I was like 7-8 when i started selling hamsters to the local pet stores. Paid for their food, supplies and some extra for myself.
Started cleaning houses/ mowing lawns @ 12 years old. My neighborhood and neighbors were absolutely awesome
Sold cakes when I was a teenager, then did some yard care and odd jobs, had the entrepreneurial spirit from an early age. Tried to start a “bank” for my older sister when I was like 9 or 10… she knew better than to trust me. Started supporting myself with my own income from landscaping at like 22, started my business at 24.
I started at maybe 13 years old, started with affiliation (with forum at the time) and I’d pick up things from all over the place that I’d sell at garage sales, i made maybe 100€a month, that was huge for me haha
When I was 12, I set out to earn money for a new PS console. I started with a snack stand, which initially struggled… but gained popularity among neighborhood kids. My breakthrough came when I discovered and sold my dad’s music cassette collection, finally earning the money I needed. That summer taught me persistence, creativity, and the joy of achieving a goal thru hard work.
about 11 or 12…my mom did work from home, putting letters in envelopes for mail shots,,,I started to help and got like 50p per hour, I realised if I worked after school I could earn enough to buy stuff at the weekends?
Love the picklerooms idea!
My first experience was selling watermelons when I was 10. I wrote about it here:
[https://philhignight.com/posts/i_failed_to_build_a_functional_business/](https://philhignight.com/posts/i_failed_to_build_a_functional_business/)

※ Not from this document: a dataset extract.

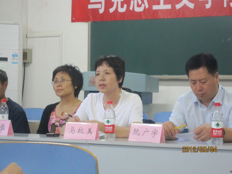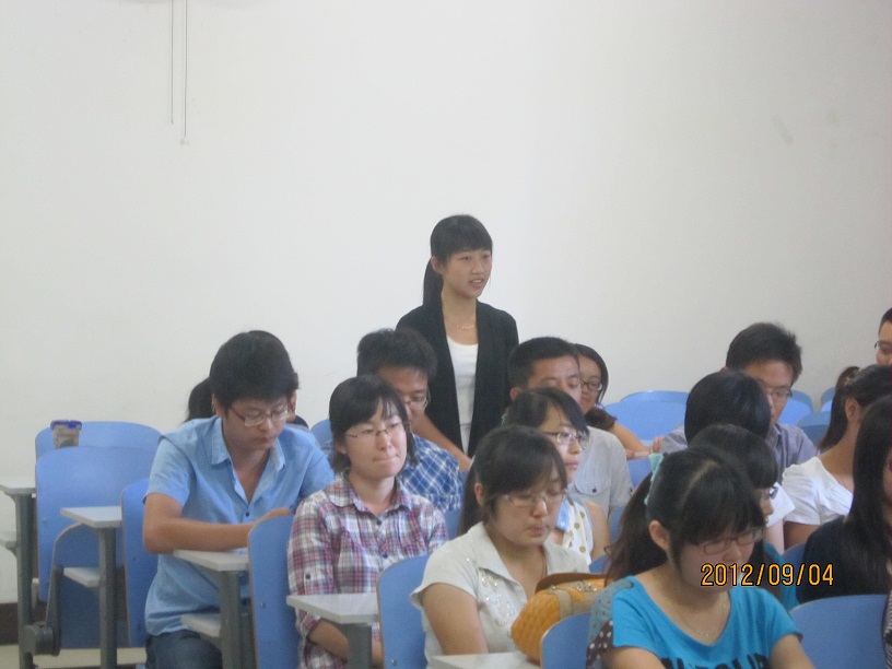 将坚持走内涵式发展、特色发展、创新发展之路,不断实现跨越式发展。此外,她也对12级研究生提出了期望,希望他们加强自我修养提升整体素质,注意不同专业之间的相互借鉴交流。之后,博士生导师代表孙美堂教授从三个方面对博士生提出了建议,希望他们加强忧患意识,学科意识,注意与导师、同学多沟通,希望有更多的马院的博士活跃在学术界。再次,硕士生导师代表孔祥宇副教授和研究生班主任王强博士分别对新生提出了要求,希望他们顺利完成身份角色、专业角色的转变,早日融入研究生的学习和生活。之后的师生互动环节,领导和老师们对学生们的疑问和问题进行了详细、生动的解答,会议气氛热烈。最后,阮老师对大会做了总结,他说,三年时光很快,希望新生早点明晰定位,做好规划,不虚度三年宝贵时光。

8-9. I started a Christmas tree pick up biz at $5 a tree. Selling point was that we would take the trees to be recycled vs going in the landfill. I also did lots of dog walking and bagged yard trash.
Started at 13 , started making money around 27.
I was probably 7. I majorly underestimated the price of homes, and I wanted to flip houses to make money (mind you, I probably had $100 bucks in my piggy bank). So I would see these for sale signs in front of beautiful homes and I would call the realtors and ask them how much the houses would cost. Surprisingly, only one realtor ever asked me how old I am, and when I told him the truth, he tried convincing me that I don’t want the house because it’s haunted. 🤷♀️
I’m now a revenue growth strategist with almost 15 years of experience helping startups make money. Worked for an investment firm for a little bit, and now I’m building a software that helps eCommerce companies make more money using augmented intelligence.